These students not only got a chance to be in the midst of nature during school hours but also were rewarded for it. In a showcasing of competitive spirit for a green cause, about 600 city students vied with each other to sight and record their campus biodiversity. As part of the ‘Urban iNature Watch Challenge’ organised by the WWF, 1,200 recordings of trees, birds and butterflies were made by students of five schools in a span of six months.
Apart from Hyderabad, the competition was launched in four cities, including Delhi, Bombay and Kolkata. At a programme organised on Friday at LV Prasad Eye Institute, students were asked to share their experiences and best performing schools were recognised. Students of the participating schools were provided mobile apps containing information about urban wildlife along with pictures. They were required to refer to the app and document their sightings in the form of photographs and upload it to a website where it would be assessed.
“My love for nature has increased because of this competition,” said Ahana Sarkar, a class 8 student of Meridian school, who won the first place for maximum recorded sightings. “Not just the regular ones, but I also got to know more about the rare species of trees and birds during the exercise. I have uploaded data of about 15 recordings.”

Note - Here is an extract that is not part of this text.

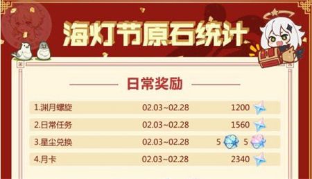 去年海灯节开始之后,完成海灯节轶事的居民请求就可以获得780的原石奖励,还有一些角色的试玩和新角色传说任务都可以获得不少的原石奖励。

The app, which was part of the ‘Mobile Apps for Climate Change’ initiative, was developed by Ladybird Environmental Consulting.
V. Shubhalaxmi, Founder and Director of Ladybird Consulting said, “We created three mobile apps, one each for birds, trees and butterflies on Android platform. These apps, with a list of 50 species commonly found in urban locales, were given to schools. Out of all the cities, Hyderabad students documented the maximum number of birds and trees.”